• Task description:
The task calls for an exact retyping of the lines from the one holding "Now, if you" through the end of the listing, with pictures omitted and nothing added.

Data supplied: Begin

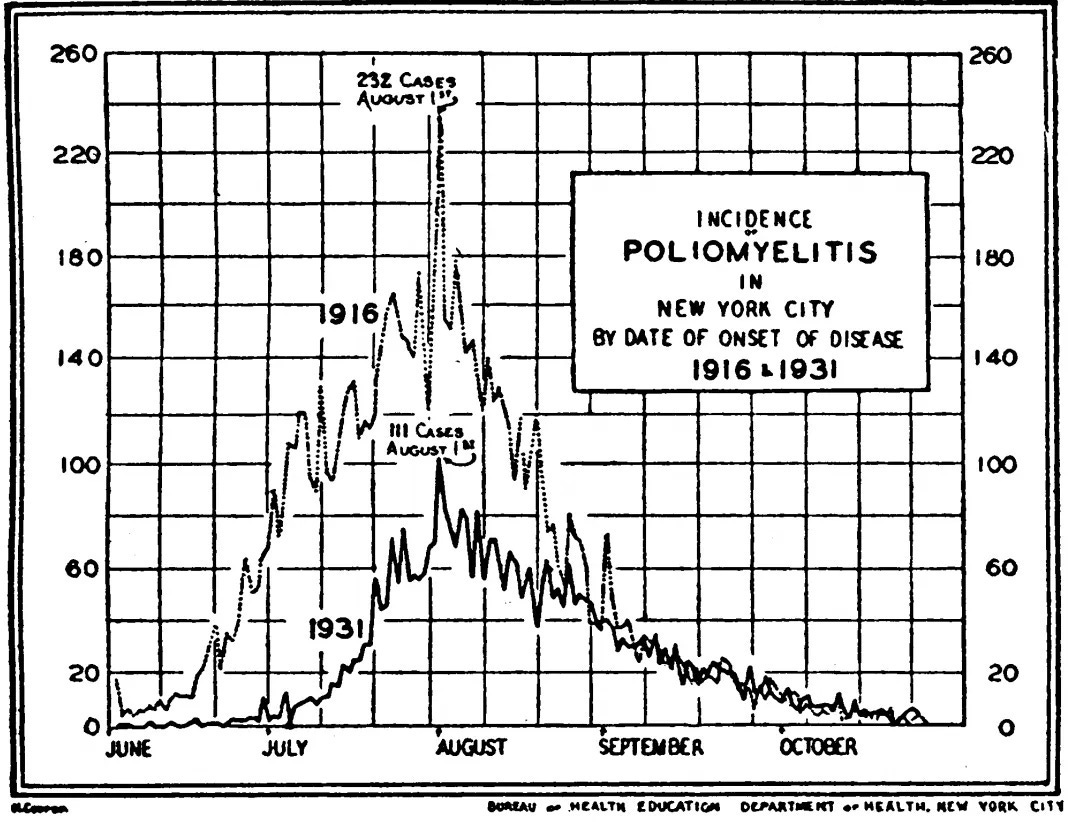 Polio outbreaks peaked every summer—just as lead arsenate, a potent neurotoxic pesticide, was sprayed across American farmland. Symptoms of arsenic poisoning—nausea, paralysis, muscle weakness—closely mimic those of polio. Reports from the time even noted similar paralytic illness in domestic animals and negligible person-to-person transmission in households and lab experiments.
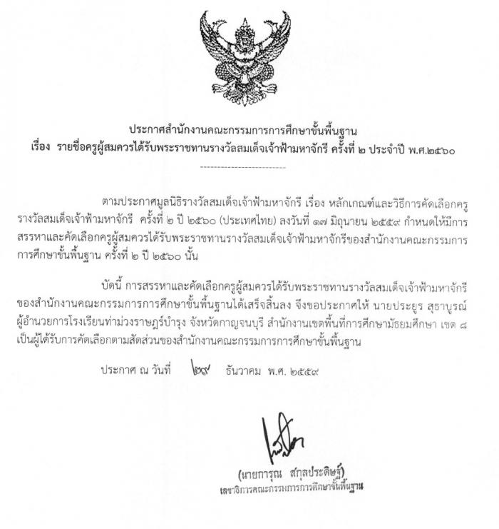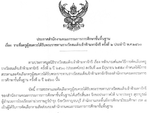 ประกาศสำนักงานคณะกรรมการการศึกษาขั้นพื้นฐาน เรื่อง รายชื่อครูผู้สมควรได้รับรางวัลสมเด็จเจ้าฟ้ามหาจักรี ครั้งที่ 2 ปี 2560
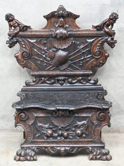#136Een massief houten zitbank in Renaissance stijl, weelderig snijwerk met putti en wapentuig. Op leeuwenpoten.
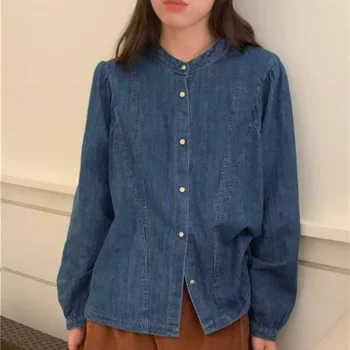 Chic Autumn Denim Jacket – Women’s Loose Full Sleeve Retro Shirt Coat
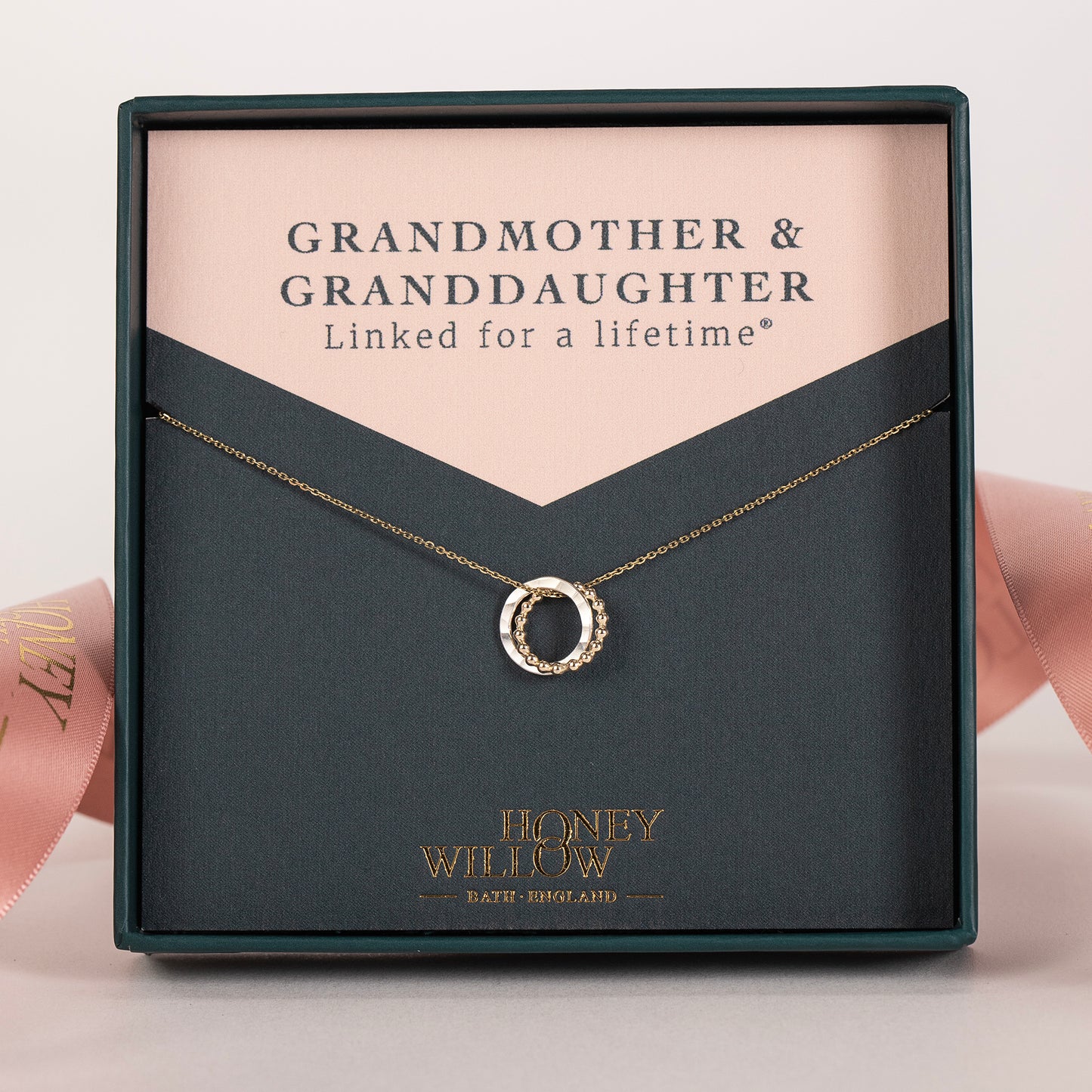 Celebrate the bond between grandmother and granddaughter with a dainty 9kt gold and silver love knot necklace.
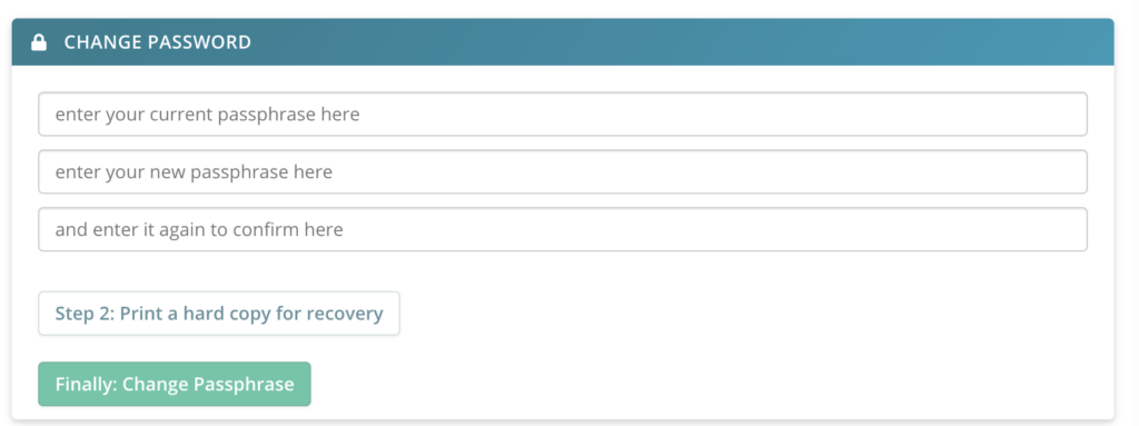 Now, if you need to change your passphrase for whatever reason, you can simply follow the instructions below and all of your data will remain preserved (and protected) even after updating.
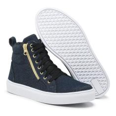 O menor preço encontrado no Brasil para Tênis Cano Alto Feminino Treino Academia Fitness Com Zíper Jeans - Zaf atualmente é R$ 176,61.
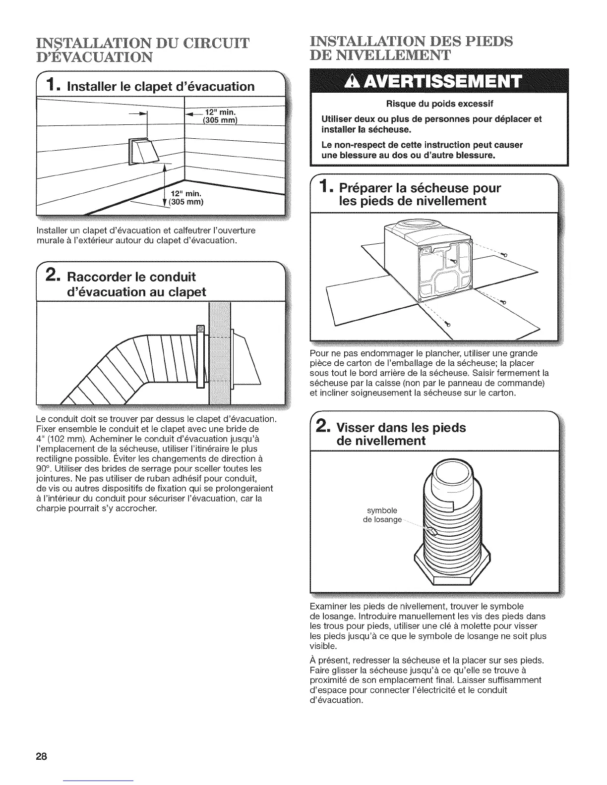 4" (102 mm). Acheminer le conduit d'6vacuation jusqu'a

Data supplied: End

• Written solution:
 Now, if you need to change your passphrase for whatever reason, you can simply follow the instructions below and all of your data will remain preserved (and protected) even after updating.
 O menor preço encontrado no Brasil para Tênis Cano Alto Feminino Treino Academia Fitness Com Zíper Jeans - Zaf atualmente é R$ 176,61.
 4" (102 mm). Acheminer le conduit d'6vacuation jusqu'a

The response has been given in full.